* **Exercise objective**: Copy the data verbatim and leave out every picture.
• • •
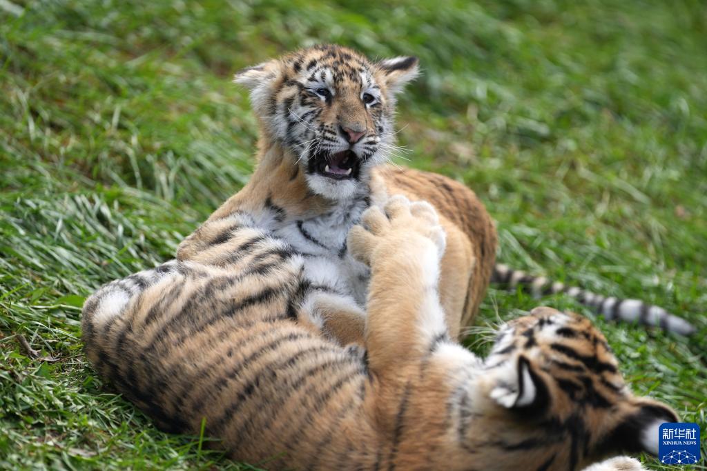 10月1日,橫道河子東北虎林園的幼虎在草地上玩鬧。
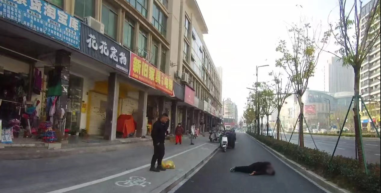 当日10:30,公司员工杨杰和汪超巡逻至良渚街道金昌路铭雅苑附近时,遇到一路人求助,称非机动车道上有一个男子躺倒在地上,不知道怎么回事。
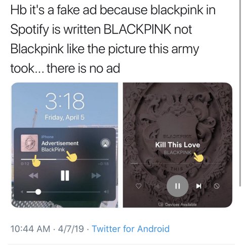 *** 애초에 블핑이 스포티파이 광고 한적도 없다는 주장도 제기됨 ㅋㅋㅋㅋㅋㅋㅋ 어떤방탄팬이 스샷 날조까지 한거
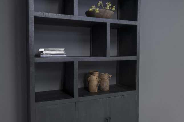 Deze gave vakkenkast van zwart gemaakt mango, is een lust voor het oog.
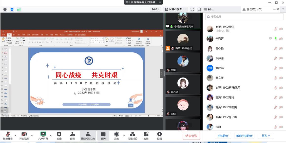 为打赢校园防疫保卫战,更好地做好员工疫情防控工作,10月11日,全院本科生班级和研究生小组在线上召开了疫情防控专题班(组)会,会议由班主任和导师主持和主讲。
• • •
* **Response area**:
 10月1日,橫道河子東北虎林園的幼虎在草地上玩鬧。
 当日10:30,公司员工杨杰和汪超巡逻至良渚街道金昌路铭雅苑附近时,遇到一路人求助,称非机动车道上有一个男子躺倒在地上,不知道怎么回事。
 *** 애초에 블핑이 스포티파이 광고 한적도 없다는 주장도 제기됨 ㅋㅋㅋㅋㅋㅋㅋ 어떤방탄팬이 스샷 날조까지 한거
 Deze gave vakkenkast van zwart gemaakt mango, is een lust voor het oog.
 为打赢校园防疫保卫战,更好地做好员工疫情防控工作,10月11日,全院本科生班级和研究生小组在线上召开了疫情防控专题班(组)会,会议由班主任和导师主持和主讲。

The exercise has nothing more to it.